## Work instruction
Transcribe the listing in full, word for word; pictures do not belong in the copy.

## The data
_____

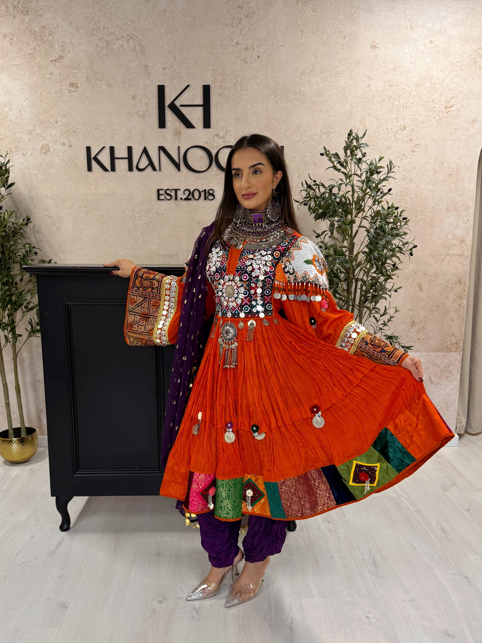 A vibrant orange dress complemented by a purple scarf and classic Kochi trousers.
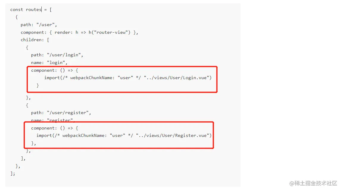component: () => { import(/* webpackChunkName: "user" */ "../views/User/Register.vue") }
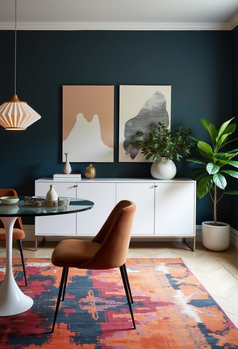 Imagine a dining room where the walls are painted in a deep navy, creating a striking backdrop for a sleek, white lacquered sideboard. This contemporary design concept embraces clean lines and bold contrasts, with geometric art pieces hanging above the sideboard, adding a touch of modern flair.
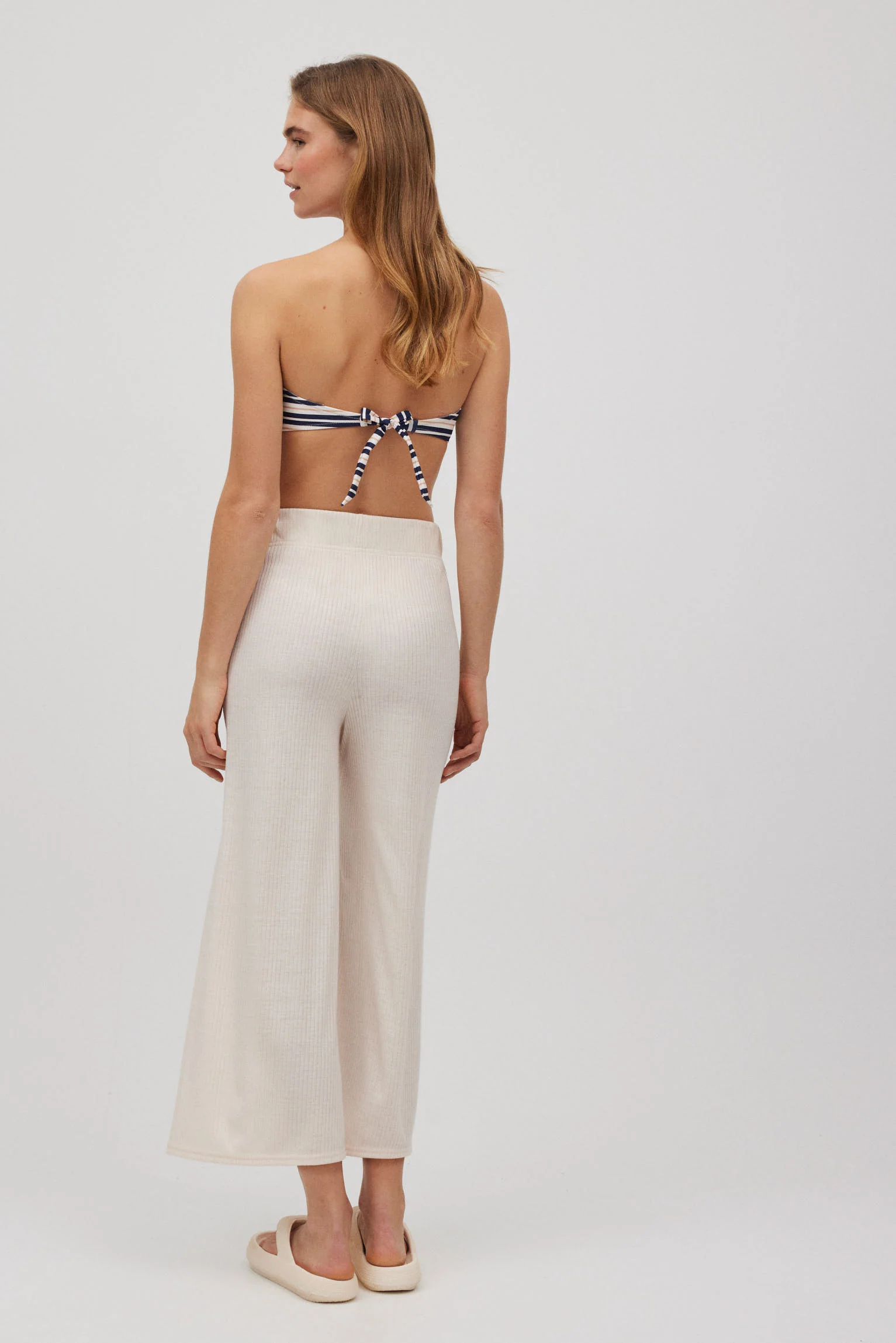 Pantalon long en tissu côtelé. Coupe large et taille froncée ajustée au corps. Associez-les à la chemise assortie de la collection et complétez votre look.

_____

## Your response
 A vibrant orange dress complemented by a purple scarf and classic Kochi trousers.
component: () => { import(/* webpackChunkName: "user" */ "../views/User/Register.vue") }
 Imagine a dining room where the walls are painted in a deep navy, creating a striking backdrop for a sleek, white lacquered sideboard. This contemporary design concept embraces clean lines and bold contrasts, with geometric art pieces hanging above the sideboard, adding a touch of modern flair.
 Pantalon long en tissu côtelé. Coupe large et taille froncée ajustée au corps. Associez-les à la chemise assortie de la collection et complétez votre look.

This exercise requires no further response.